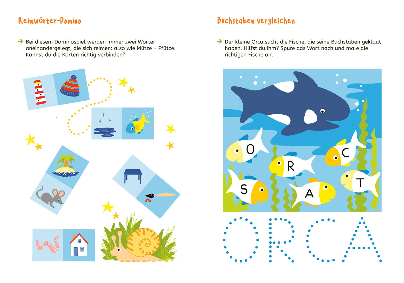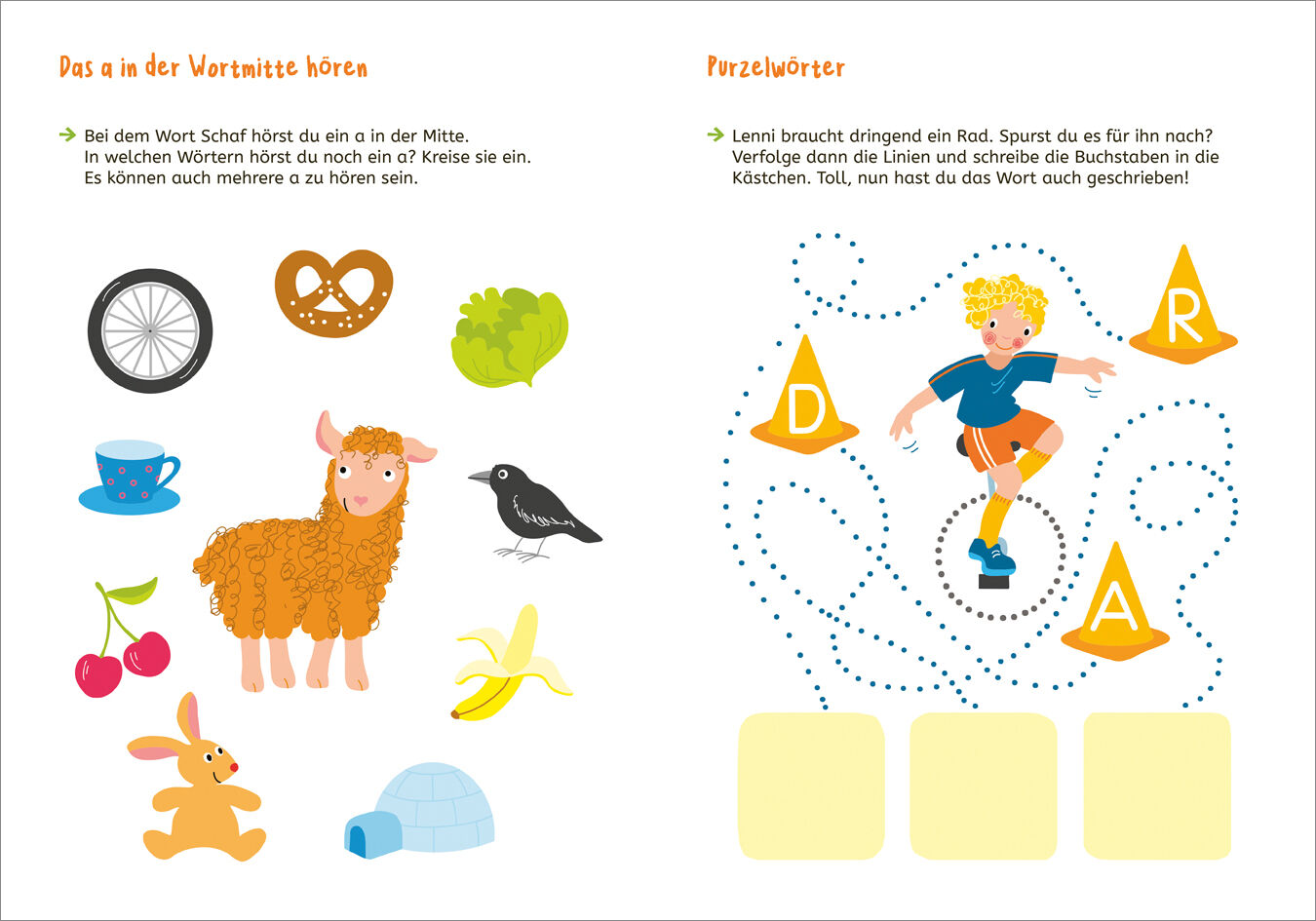 Was reimt sich auf Schnee? Wo ist ein a zu hören? Welche Wörter beginnen mit einem E? Spielerische Übungen geben Vorschulkindern ein erstes Gespür für Laute, Buchstaben und Wörter. Die bunt illustrierten Aufgaben bereiten kindgerecht und unterhaltsam auf das L...
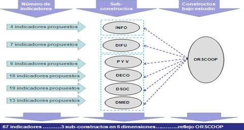 El trabajo de Gallardo et al. (2013b) propone un modelo conceptual complejo considerando la ORSCOOP y otras variables estratégicas. Sobre el mismo, y con el fin de aplicar un modelo cuantitativo, es necesario definir de manera independiente cada uno de los constructos. Así, se necesita construir un conjunto de indicadores que permitan explicar cada una de las variables en el ámbito de las cooperativas, proporcionando de esta manera a la comunidad académica una escala de medida específica para cada sub-constructo reflejado en indicadores observables y medibles.
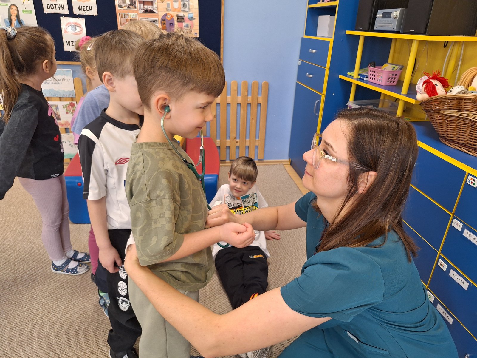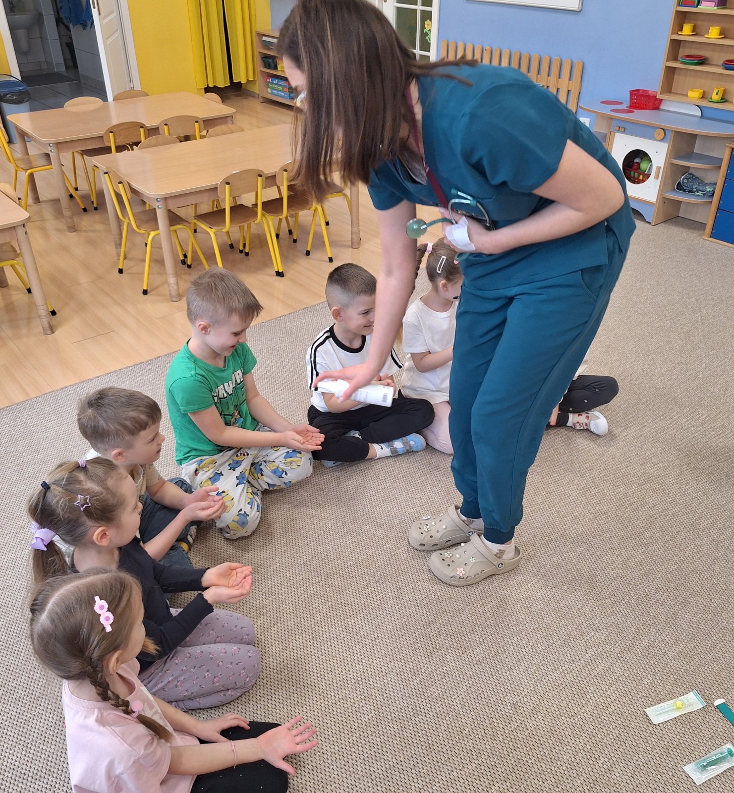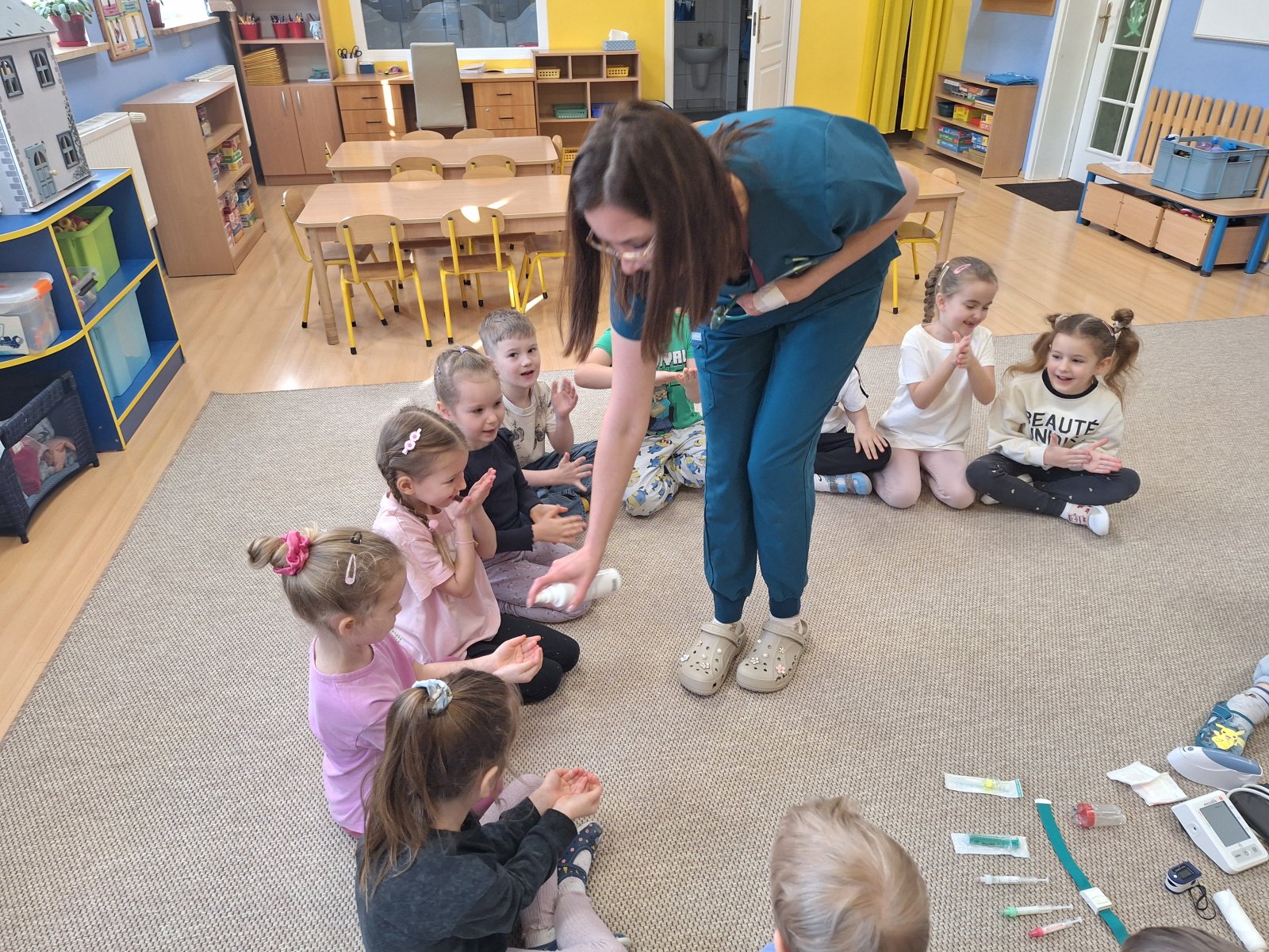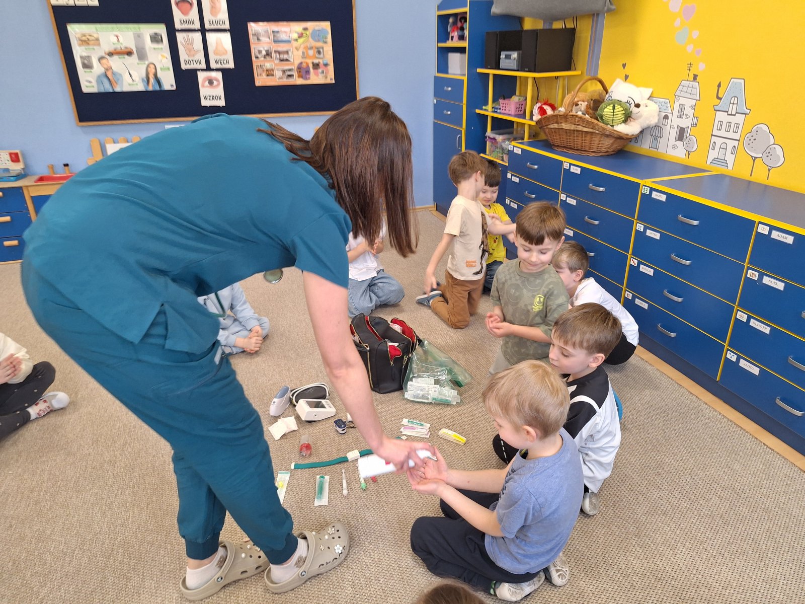 9 marca 2026 r. W poniedziałek grupę „Maków” odwiedziła pani pielęgniarka (mama Leosia). Dzieci miały okazję poznać zawód pielęgniarki oraz dowiedzieć się, na czym polega jej praca. Podczas spotkania pani Magda opowiedziała o swojej codziennej pracy, pokazała podstawowe przyrządy medyczne i wyjaśniła do czego służą. Przedszkolaki z dużym zainteresowaniem słuchały, zadawały pytania oraz chętnie dzieliły się swoimi doświadczeniami związanymi z wizyta u lekarza. To spotkanie pomogło dzieciom lepiej zrozumieć, jak ważna jest praca osoby dbającej o nasze zdrowie. Serdecznie dziękujemy za poświęcony czas, ciekawe spotkanie i przybliżenie dzieciom tak ważnego zawodu.
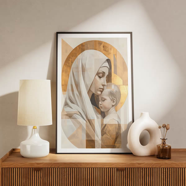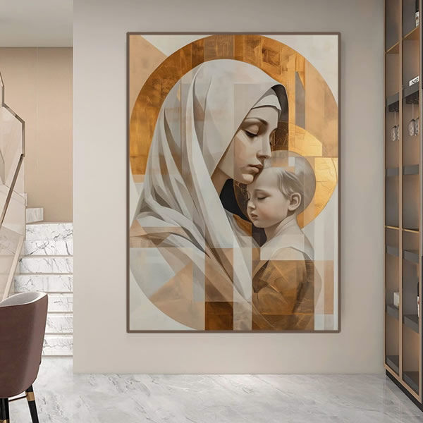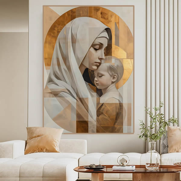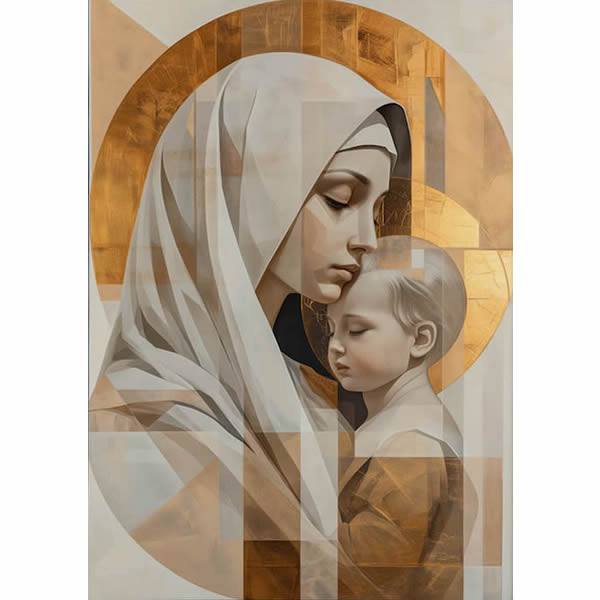 Esta pintura retrata Maria e o menino Jesus em uma composição que combina elementos clássicos e modernos. Utilizando uma paleta de cores suaves e cálidas, predominando os tons dourados e ocres, a obra evoca uma sensação de paz e espiritualidade. Maria é representada com um véu que emoldura seu rosto, seu olhar sereno e cheio de amor direcionado ao filho, que está aninhado em seus braços, dormindo tranquilamente. A expressão de ambos transmite uma profunda conexão emocional, simbolizando o amor maternal e a proteção divina. A técnica utilizada combina formas geométricas com traços suaves, criando um efeito tridimensional que dá profundidade à imagem. As formas geométricas douradas que circundam as figuras principais sugerem halos sagrados, destacando a sacralidade dos personagens. A composição é equilibrada e harmônica, convidando o observador a refletir sobre a pureza e a beleza da relação entre mãe e filho. Este retrato de Maria e Jesus é uma celebração da fé e do amor incondicional, transmitindo uma mensagem de esperança e redenção.
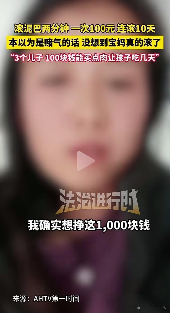 宝妈看到滚泥巴两分钟,一次100元的视频,发了个也想滚的评论,本以为是赌气,没想到宝妈真的滚了。 一名宝妈刷到一位大哥与同事打赌滚泥巴的视频,两分钟100元。宝妈在评论区随手留下评论,“如果有人愿意出钱,我也可以这样滚”。 没想到有人回复了,说他愿意出钱。滚泥巴两分钟,一次100元,连滚10天。 大哥也许只是当个玩笑,而且还增加到10天,想着女人都爱干净,谁会当真? 没想到女子一囗答应了,找个水塘边的泥水地,每天录下视频,一秒钟都不少。 女子说,她确实需要钱,一胎是儿子,二胎是双胞胎儿子,并且三个儿子尚小,100元钱可以给儿子们买肉,能吃上几天。 大哥兑现了承诺,给女子转了1000元,并说很愧疚。 女子说,大哥并没有恶意,也没想到她会滚,大哥也说到做到了,确实给了,大哥很愧疚,但她并没有生大哥的气,她确实想挣那1000元。 大哥言而有信令人钦佩,或许他开始只当作一场玩笑的赌局,当女子答应之后,他感觉到了女子的不容易,虽然心生愧疚,但是还是想继续下去,让女子心安理得的挣回钱,也算是帮助到了女子,他的愧疚更令人敬佩。 都说为母则刚,母爱如山。母亲可以为孩子卑微到尘埃,但她的爱丝毫不打折扣,没有啥比孩子更重要了。 虽然始于一场玩笑的赌局,但我们从他们两人身上看到了人性的亮点。大哥是个善良的人,女子是位伟大的母亲。
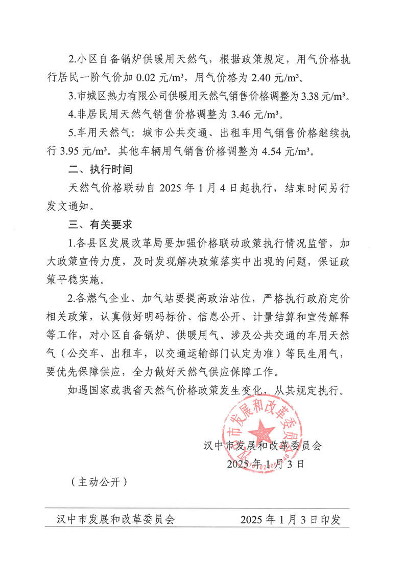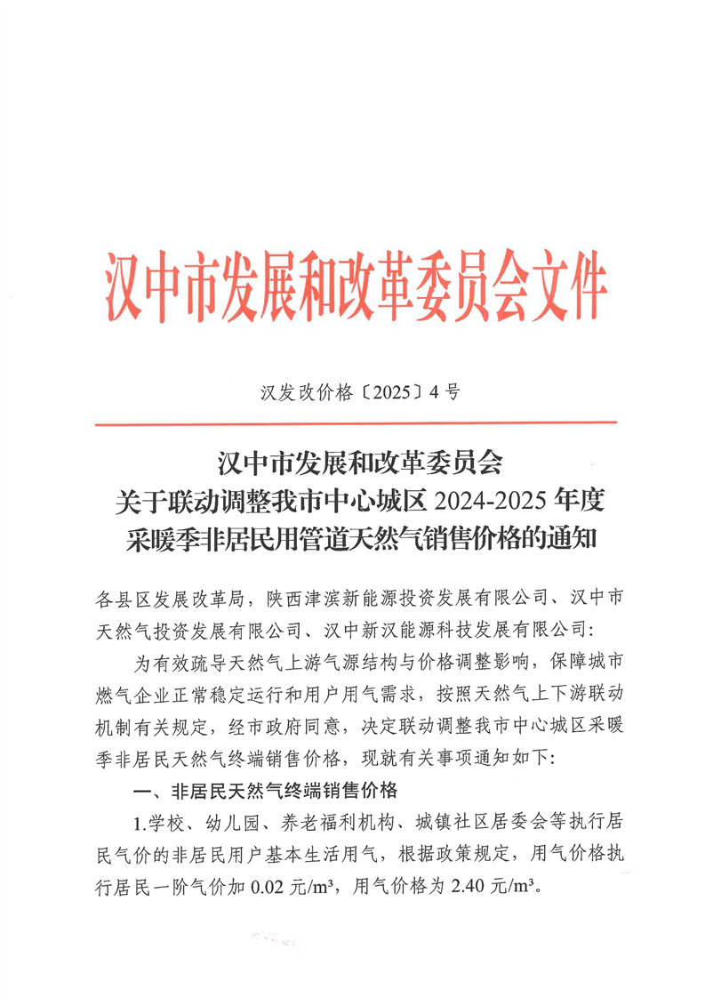 汉中市发展和改革委员会关于联动调整市中心城区非居民天然气销售价格的通知(汉发改价格[2025]4号)
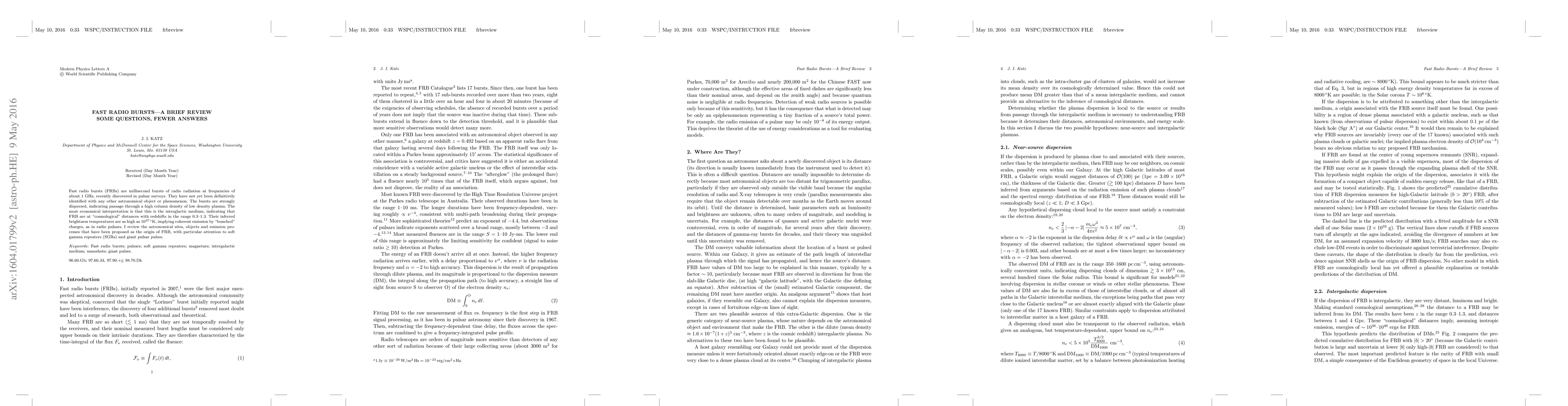 Fast Radio Bursts are millisecond bursts of radio radiation at frequencies of about 1 GHz, recently discovered in pulsar surveys. They have not yet been definitively identified with any other astronomical object or phenomenon. The bursts are strongly dispersed, indicating passage through a high column density of low density plasma. The most economical interpretation is that this is the interglactic medium, indicating that FRB are at "cosmological" distances with redshifts in the range 0.3--1.3. Their inferred brightness temperatures are as high as $10^{37\,\circ}$K, implying coherent emission by "bunched" charges, as in radio pulsars. I review the astronomical sites, objects and emission processes that have been proposed as the origin of FRB, with particular attention to Soft Gamma Repeaters and giant pulsar pulses.
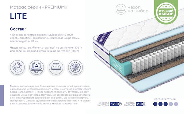 Модель, подходящая для большинства пользователей, предпочитающих среднюю жесткость спального места. Сочетание анатомического блока, наполнителей и чехла позволяет получить оптимальное соотношение цены и качества. Натуральная кокосовая койра в сочетании с пенополиуретаном выдерживает значительную весовую нагрузку. Поверхность матраса одновременно и умеренно-жесткая, и не оказывает излишнее давление на ткани и мышцы пользователя.
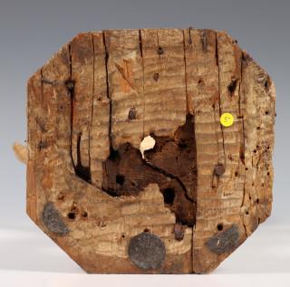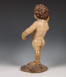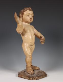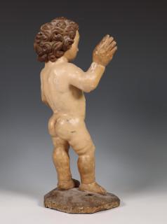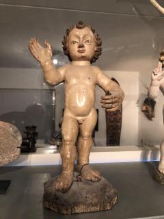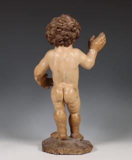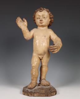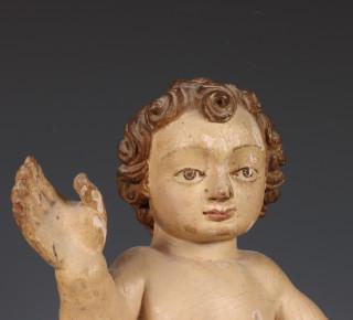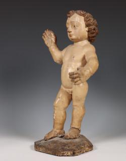 met een opgeheven hand en beschilderde ogen. Met oude polychromie (beschadigingen).
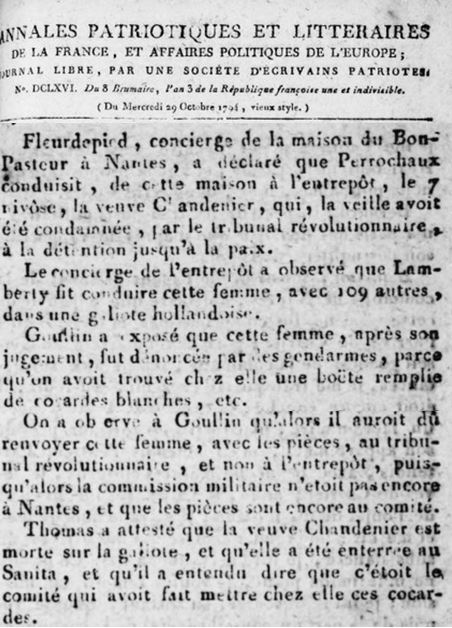 Des faits corroborés ensuite par des récits sur les noyades dans la Loire de Nantes ordonnées par Jean-Baptiste Carrier. Selon Griault[2], matelot de la douane, concierge d’une galiote «le 7 nivôse, on m’amena au moins 300 femmes avec des enfants de quatre à cinq 5 mois et même des plus jeunes… Toutes les victimes furent transférées dans un autre bateau où elles furent déshabillées les mains attachées derrière le dos. Ces femmes et ces enfants furent noyés le soir excepté la veuve Chandenier, morte sur la galiote au moment où elle allait être transférée ailleurs…
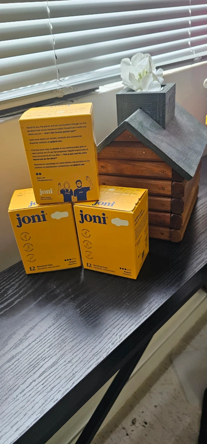 3 packs of Joni Regular Pads, each containing 12 biodegradable pads. Designed with absorbent materials for comfort and protection. Great for everyday use!
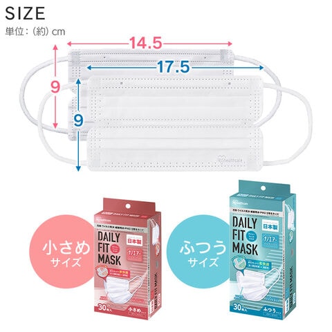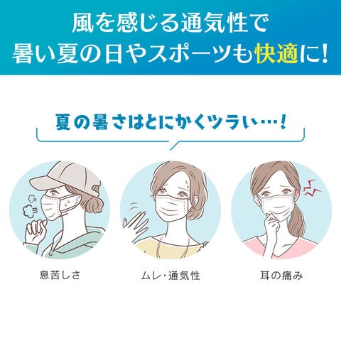・PN-DNI30:丸くやわらかい耳ひも採用で長時間つけていても耳が痛くなりにくく、マスク中央の3Dワイヤーが口元にゆとりのある形状を保つため呼吸がしやすい。
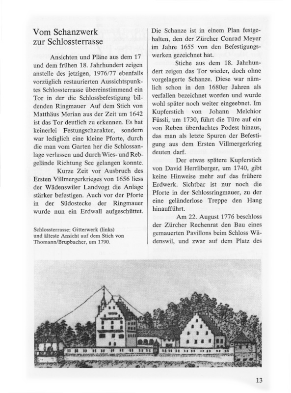 Ansichten und Pläne aus dem 17. und dem frühen 18. Jahrhundert zeigen anstelle des jetzigen, 1976/77 ebenfalls vorzüglich restaurierten Aussichtspunktes Schlossterrasse übereinstimmend ein Tor in der die Schlossbefestigung bildenden Ringmauer. Auf dem Stich von Matthäus Merian aus der Zeit um 1642 ist das Tor deutlich zu erkennen. Es hat keinerlei Festungscharakter, sondern war lediglich eine kleine Pforte, durch die man vom Garten her die Schlossanlage verlassen und durch Wies- und Rebgelände Richtung See gelangen konnte. Kurze Zeit vor Ausbruch des Ersten Villmergerkrieges von 1656 liess der Wädenswiler Landvogt die Anlage stärker befestigen. Auch vor der Pforte in der Südostecke der Ringmauer wurde nun ein Erdwall aufgeschüttet.
════════════════════
PROBLEM STATEMENT =
What is needed is an exact retyping of the lines from the start of the data through the line with "9 marca 2026", with both end lines kept and every picture left out.

OUTPUT BELOW =
 Was reimt sich auf Schnee? Wo ist ein a zu hören? Welche Wörter beginnen mit einem E? Spielerische Übungen geben Vorschulkindern ein erstes Gespür für Laute, Buchstaben und Wörter. Die bunt illustrierten Aufgaben bereiten kindgerecht und unterhaltsam auf das L...
 El trabajo de Gallardo et al. (2013b) propone un modelo conceptual complejo considerando la ORSCOOP y otras variables estratégicas. Sobre el mismo, y con el fin de aplicar un modelo cuantitativo, es necesario definir de manera independiente cada uno de los constructos. Así, se necesita construir un conjunto de indicadores que permitan explicar cada una de las variables en el ámbito de las cooperativas, proporcionando de esta manera a la comunidad académica una escala de medida específica para cada sub-constructo reflejado en indicadores observables y medibles.
 9 marca 2026 r. W poniedziałek grupę „Maków” odwiedziła pani pielęgniarka (mama Leosia). Dzieci miały okazję poznać zawód pielęgniarki oraz dowiedzieć się, na czym polega jej praca. Podczas spotkania pani Magda opowiedziała o swojej codziennej pracy, pokazała podstawowe przyrządy medyczne i wyjaśniła do czego służą. Przedszkolaki z dużym zainteresowaniem słuchały, zadawały pytania oraz chętnie dzieliły się swoimi doświadczeniami związanymi z wizyta u lekarza. To spotkanie pomogło dzieciom lepiej zrozumieć, jak ważna jest praca osoby dbającej o nasze zdrowie. Serdecznie dziękujemy za poświęcony czas, ciekawe spotkanie i przybliżenie dzieciom tak ważnego zawodu.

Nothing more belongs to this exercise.